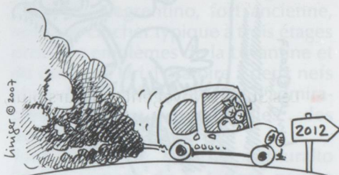
ÉMISSIONS DE CO 2 À RÉDUIRE ...

■ Les nouvelles voitures de tourisme immatriculées en Suisse devraient s'aligner dès 2012 sur les normes européennes concernant les émissions moyennes de CO 2 . La Commission européenne doit présenter dans les prochaines semaines un projet de législation pour réduire à l'horizon 2012 les émissions des voitures neuves à un plafond de 120 grammes de CO 2 par kilomètre parcouru en moyenne.
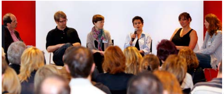
Auf dem Netzwerktag diskutierten Freiberufler über aktuelle Branchentrends und persönliche Erfolgsrezepte

18. Juni 2010 n. Ch. Ganz Deutschland schaut die WM-Partie Deutschland gegen Serbien...ganz Deutschland? Nein! 70 unbeugsame Kolleginnen und Kollegen finden sich in den Räumlichkeiten des Instituto Cervantes im Chilehaus ein, um beim 3. Netzwerktag für Freie dabei zu sein.

**EXERCISE OBJECTIVE:** For the string "Netzwerktag", find every line of the material that contains it, and copy each one.

**ANSWER SECTION:**
Auf dem Netzwerktag diskutierten Freiberufler über aktuelle Branchentrends und persönliche Erfolgsrezepte
18. Juni 2010 n. Ch. Ganz Deutschland schaut die WM-Partie Deutschland gegen Serbien...ganz Deutschland? Nein! 70 unbeugsame Kolleginnen und Kollegen finden sich in den Räumlichkeiten des Instituto Cervantes im Chilehaus ein, um beim 3. Netzwerktag für Freie dabei zu sein.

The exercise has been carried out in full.